# Freistellen , wie richtig ?



## Kill0r (22. August 2005)

Hallo,
Ich wollte mal fragen wie ihr dieses Bild am besten freistellen würdet am besten in Details!
Ich hab schon die Suchfunktion und das Video tutorial von Martin Schäfer angeguckt aber das hilft mir nicht ganz weiter.Da dieses Bild doch recht komplex ist.
Es ist von einem Freund von mir und er würde gerne ein bisschen mehr über das freistellen lernen! ;-)


----------



## Peter Klein (22. August 2005)

Also, jenachdem was ich freistellen muss habe ich sehr gute Erfahrung mit dem Lasso Tool gemacht. 
Das extrahieren ist mir zu ungenau.
Wobei du bei Haaren mit dem Lasso Tool nicht so genau arbeiten kannst.

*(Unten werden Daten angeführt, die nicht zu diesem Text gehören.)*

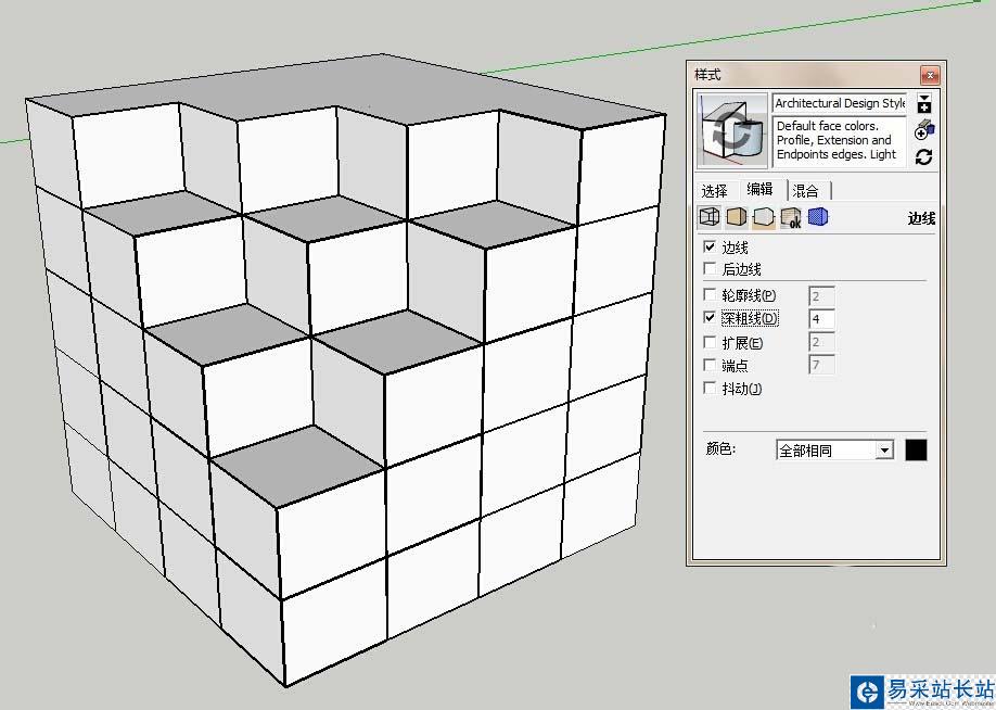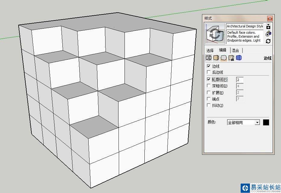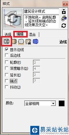1、打開SU程序,然后打開線條樣式編輯器:窗口——樣式——編輯——左起第一個圖標,面板中帶“□”的選項就是需要調(diào)節(jié)的。

Und immer schön einzoomen hilft sehr gut, schöne Kanten hinzubekommen.

Peter


----------



## Ogre (23. August 2005)

Ich würde ebenfalls mit Polygon-Lasso arbeiten, bzw mit Bezier-Kurven (die kleine Füllerspitze). Das ganze dauert zwar ein klein wenig, aber wenn man sauber arbeitet und sich konzentriert, bekommt man ein ausgezeichnetes Ergebnis, bei jedem Bild. 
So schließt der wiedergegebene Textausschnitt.